Note that **state (t)** gives the result of the entire game when the genie is initially at **t**.

We claim the following:

- If there exists a child
**u**of**v**such that**Au < Av**and**state(u) = L**, then**state(v) = W**. - Otherwise,
**state(v) = L**. (In particular, if**v**is a leaf,**state(v) = L**.)

**Proof of 1:** Suppose that this is George’s turn and the genie is currently at **v**. First George

receive a coin from **v** (this is possible because **Av** is not zero) and send the genie to **u**. Whenever the Alex tries to send the genie from **u** to **v**, George can refuse to do that by sending him back to **u** (this is possible because **Av > Au**). This way, Alex is forced to play the game within the subtree rooted at **u**. Since **state(u) = L**, Alex loses and George wins. (Strictly speaking, Alex can also reduce the value of **Au** by sending the genie between **u** and **v** back and forth, but this doesn’t change the state of vertex u.)

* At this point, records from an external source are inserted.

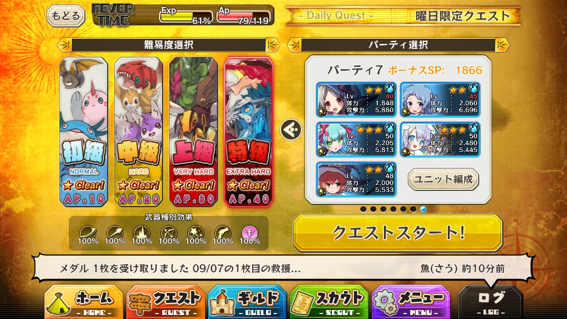 Lv40の遠距離が5体居れば、曜日クエは余裕だと思います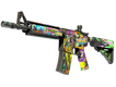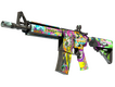 The M4A4 | In Living Color finish bursts with vivid neons, intricate graffiti artwork, and striking cartoon-like motifs. This chaotic fusion creates an unmistakable visual identity that stands out on any server.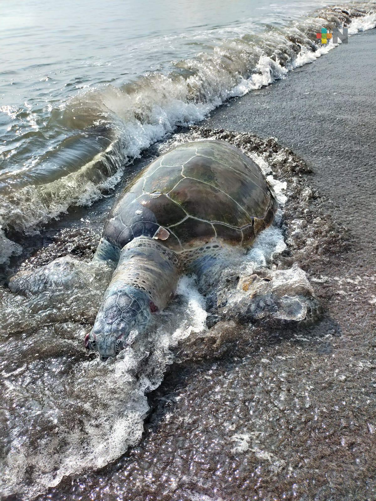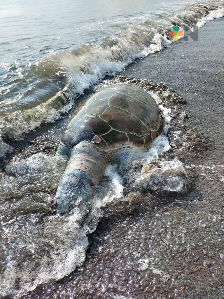 Alvarado, Ver.- La mañana de este martes fue hallada muerta una tortuga de la especie verde en la orilla de la playa de la zona conocida como la Isla del Amor en el municipio de Alvarado.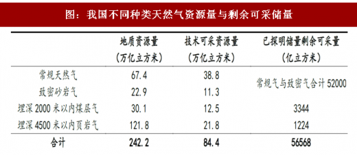 截至2016年底,全国累计探明常规天然气(含致密气)地质储量11.7万亿立方米,累计产量1.4万亿立方米,资源探明率13.0%,探明储量采出程度12.4%,剩余可采储量5.2万亿立方米;累计探明地质储量6928.3亿立方米,累计产量241.1亿立方米,资源探明率2.3%,探明储量采出程度3.5%,剩余可采储量3344亿立方米;累计探明页岩气地质储量5441.3亿立方米,累计产量136.2亿立方米,资源探明率0.4%,探明储量采出程度2.5%,剩余可采储量1224.1亿立方米。中国天然气资源探明率和探明储量采收率均较低,通过科技创新、技术进步可释放较大的资源潜力。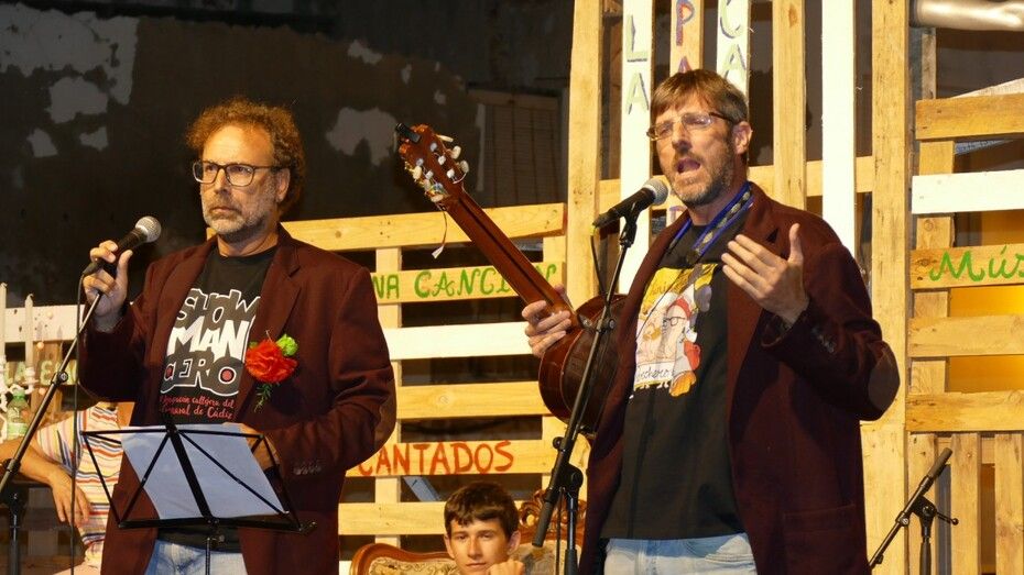 A la guasa que ya dejó en el escenario Duende Josele se sumó Chipi de La Canalla, un poeta callejero y carnavalero que en la copla se desenvuelve como pez en el agua y que no pudo disimular desde el minuto uno su gracia. Subió para pasarlo bien y hacer disfrutar entre cante y reivindicaciones dando su mejor versión humorística, haciendo participar al público e invitando a Manuel Martín-Arroyo, uno de los organizadores del evento, a sumarse con la guitarra al escenario que Manuel Barba preparó con mimo para una noche que empezaba a alargarse pero a la que aún le quedaba.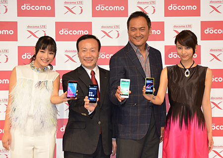 10月10日、NTTドコモの2013~14冬春新商品発表会にイメージキャラクターを務める俳優の渡辺謙さん、女優の堀北真希さん、石原さとみさんの3人が登場し、新端末やサービスをアピールした。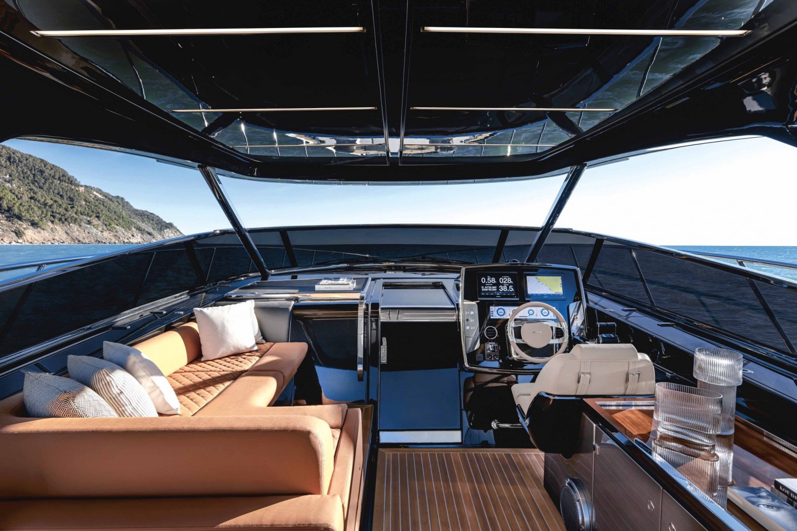 Ko se pri Rivi, enemu izmed globalno najbolj cenjenih navtičnih podjetij, lotijo novega projekta, z nestrpnostjo pričakujemo finalni rezultat, kajti vemo, da ne bo razočaral. Tokrat so z namenom izpopolnitve pod drobnogled vzeli dva sorodna modela, ki sta med poznavalci zapisana kot čudo estetike – 56′ Rivale in Dolcerivo. Prva je leta 2017 lansirana odprta jahta z dinamičnim, a razkošnim videzom, katerega ustvarja vpadljiva metalik barva zunanjosti, h kateri se odlično podajo črni in jekleni poudarki ter prelep naravni tik. K njeni mogočni prezenci na vodi pripomorejo tudi velika zastekljena okna, ki tečejo vzdolž trupa, in edinstveno vetrobransko steklo, ki ščiti kokpit in hkrati zaključuje aerodinamični profil jahte. Ker je ta oblikovna zasnova požela mnogo navdušenja, so pri sloviti italijanski znamki dve leti kasneje po podobnem receptu kreirali luksuzni športni cruiser Dolceriva, ki si navkljub nekaj metrov manj s sestro deli estetsko izčiščenost zunanjega dizajna, prefinjenost notranjih materialov in vrhunsko zmogljivost pogonske enote. V primerjavi s 56′ Rivale Dolceriva sicer ne ponuja blazin za sončenje na premcu, toda to nadoknadi z inovativno razširitvijo telesca ob krmi, s katero so oblikovalci ustvarili prostor za še dve veliki blazini; skupno lahko tam v največjem udobju ležijo štiri osebe, medtem ko se sončnim žarkom lahko nastavljajo tudi tisti, ki bodo zadnjice parkirali na dveh velikodušnih zofah, lociranih ob kokpitu.
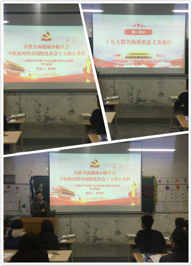 12月20日晚自習時間,在17級計算機網(wǎng)絡(luò)大專班教室,電信系黨員教師張偉東同志給學生們以《深入學習重點解讀十九屆大會議報告精神》為主題,對十九大報告進行了全方位的宣講解讀。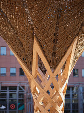 In einem gemeinsamen Projekt der Professuren Design of Structures (DOS) und Digital Design and Fabrication (DDF) des Instituts Entwerfen und Bautechnik (IEB) der KIT-Fakultät für Architektur und dem Unternehmen FibR GmbH wurde ein erster Forschungsdemonstrator entwickelt, der mit Hilfe von Studierenden aufgebaut wurde und derzeit erprobt wird. Das Projekt ist Bestandteil der Erforschung von Beschattungsstrukturen für den mikro-klimatischen Komfort im urbanen Kontext. In der Forschung geht es u.a. um die elastische Biegung für die Erzeugung komplexer Geometrien sowie die Anwendung von biobasierten Materialien (Holz und Flachsfaser) im Bauwesen.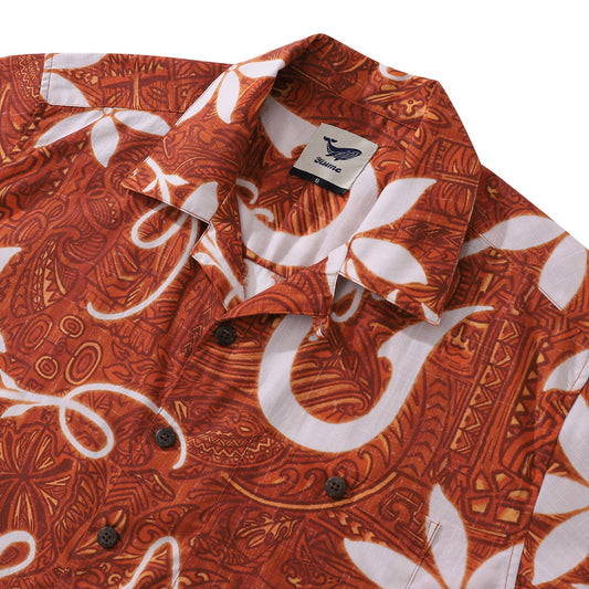 Red Hawaiian Shirt For Men Tiki Hawaii Shirt Camp Collar 100% Cotton Shirt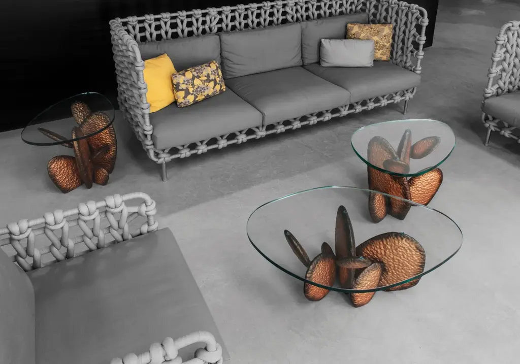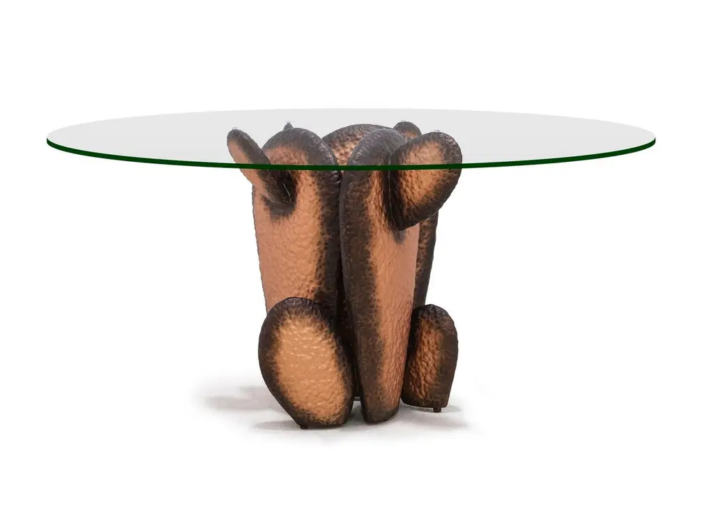 Gobi dining table by Kenneth CobonpueMaterials: Steel, Glass. Dimensions: Glass diameter 150 cm x height 19mm Base 60 cm x 58.5 cm x height 75 cmInspired by the characteristic form of the cactus, Gobi is a striking set of tables with its copper tones and hammered finish. Each piece is handmade and unique creating rich visual textures, made not only to be decorative but also functional.Designer's BiographyKenneth Cobonpue is a multi-awarded furniture designer and manufacturer from Cebu, Philippines. His passage to design began in 1987, studying Industrial Design at the Pratt Institute in New York. While completing his studies, he apprenticed for a leather and wood workshop near Florence, Italy. He went on to study Furniture Marketing and Production at the Export-Akademie Baden-Württemberg in Reutlingen, Germany, under a private and state scholarship program, and subsequently worked in Bielefeld and Munich.Kenneth returned home to Cebu in 1996 to manage Interior Crafts of the Islands, Inc., a furniture design and manufacturing company founded by his mother Betty Cobonpue in 1972. Discovering that modern design could have a new face using natural fibers and materials, Kenneth created pieces of functional art, offering an alternative to the Western definition of modern design. Today, the Kennethcobonpue brand has become known globally for its unique designs and extensive roster of clientele, including Hollywood celebrities and members of royalty.With his masterful way of integrating nature, traditional craft and innovative technologies, designer and creative director Kenneth Cobonpue has earned international awards and recognition for his creative, organic, and expressive pieces. Working closely with some of the world’s leading designers, from household names to emerging talents, Kenneth has been pushing the envelope for design in the Philippines and sharing his vision to a global audience. Awards to his credit include five Japan Good Design Awards, the grand prize at Singapore International Design Competition, the Design for Asia Award of Hong Kong, the American Society of Interior Design Top Pick selection and the French Coup de Coeur award. Several of his designs were selected for several editions of the International Design Yearbook published in London and New York. Phaidon’s book entitled “& FORK” underscores Kenneth’s position as a leader of a new movement incorporating new technologies with crafts. In 2007, TIME magazine called him “rattan’s first virtuoso”. Kenneth was named the Designer of the Year in the first edition of Maison et Objet Asia held in March 2014 in Singapore.Kenneth reveals new work each year in the design shows from Milan to New York, and he speaks regularly about Southeast Asian design all over the world. He has also appeared in European television and in countless international magazines and newspapers around the world. Various Cobonpue designs have also appeared in full-length feature films and television, such as Oceans 13 and CSI.

**Proof of 2:** If **v** is a leaf, George can’t send the genie to any where and George lose. Otherwise he can send the genie from **v** to one of **v**’s children, **w**. There are two cases: **state(w) = W** or **Aw ≥ Av**. If **state(w) = W**, Alex never sends the genie back to **v** and play the rest of the game completely within the subtree rooted at **w**. Since **state(w) = W**, this way Alex wins and George lose. If **Aw ≥ Av**, Alex refuses to send the genie from **v** to **u** by sending genie back to **v** (this is possible because **Aw ≥ Av**). Thus, George lose in this case.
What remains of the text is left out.